_TASK GOAL:_ Among the entries below, which lines run from the line with "Surface scratches, scuffs, accretions." through the line with "在福建古雷石化宣講會(huì"? Retype those, both ends included, exactly and without pictures.

_DATA EXTRACTS:_
■ ■ ■ ■ ■ ■ ■

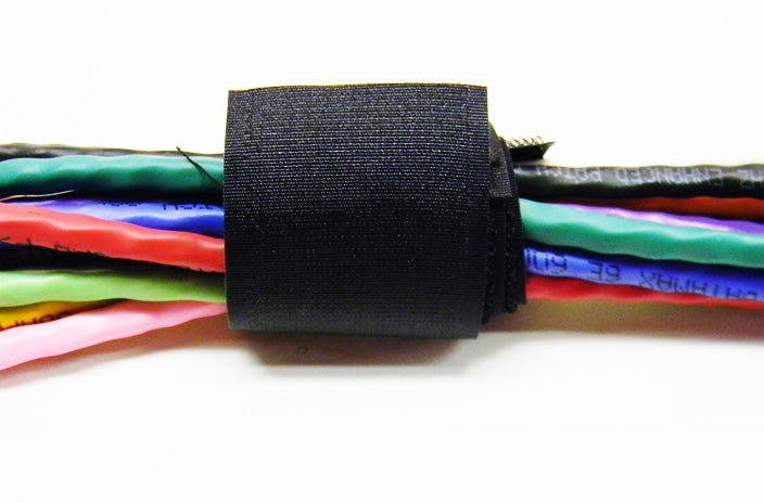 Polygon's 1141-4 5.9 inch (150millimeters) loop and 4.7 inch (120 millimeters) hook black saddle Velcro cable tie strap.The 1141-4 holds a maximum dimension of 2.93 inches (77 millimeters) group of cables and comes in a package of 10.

■ ■ ■ ■ ■ ■ ■

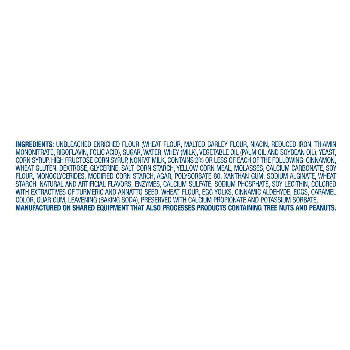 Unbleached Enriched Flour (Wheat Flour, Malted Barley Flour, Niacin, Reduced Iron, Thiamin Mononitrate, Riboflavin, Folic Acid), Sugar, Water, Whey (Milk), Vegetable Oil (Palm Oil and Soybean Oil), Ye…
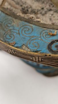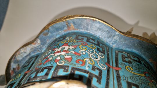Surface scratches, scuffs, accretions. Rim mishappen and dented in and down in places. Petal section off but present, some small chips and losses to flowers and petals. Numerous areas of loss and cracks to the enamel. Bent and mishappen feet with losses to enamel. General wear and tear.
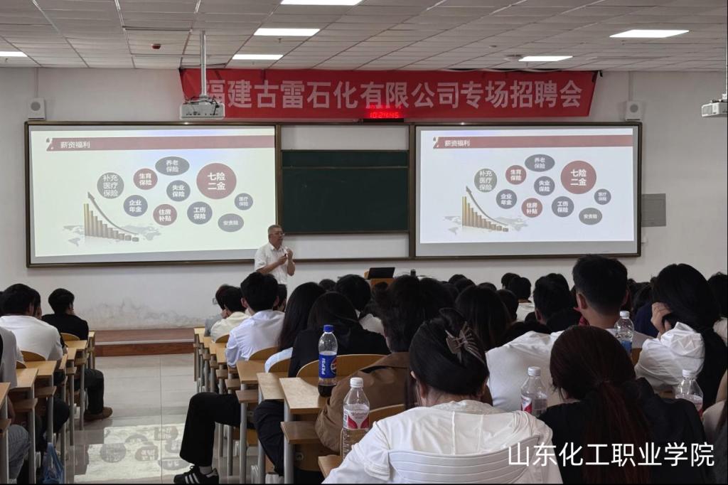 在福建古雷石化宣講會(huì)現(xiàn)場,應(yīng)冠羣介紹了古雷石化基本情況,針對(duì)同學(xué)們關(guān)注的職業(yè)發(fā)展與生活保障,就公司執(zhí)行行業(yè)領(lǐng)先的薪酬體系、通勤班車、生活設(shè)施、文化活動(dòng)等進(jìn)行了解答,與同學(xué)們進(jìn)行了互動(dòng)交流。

■ ■ ■ ■ ■ ■ ■

_EXERCISE SOLUTION:_
Surface scratches, scuffs, accretions. Rim mishappen and dented in and down in places. Petal section off but present, some small chips and losses to flowers and petals. Numerous areas of loss and cracks to the enamel. Bent and mishappen feet with losses to enamel. General wear and tear.
 在福建古雷石化宣講會(huì)現(xiàn)場,應(yīng)冠羣介紹了古雷石化基本情況,針對(duì)同學(xué)們關(guān)注的職業(yè)發(fā)展與生活保障,就公司執(zhí)行行業(yè)領(lǐng)先的薪酬體系、通勤班車、生活設(shè)施、文化活動(dòng)等進(jìn)行了解答,與同學(xué)們進(jìn)行了互動(dòng)交流。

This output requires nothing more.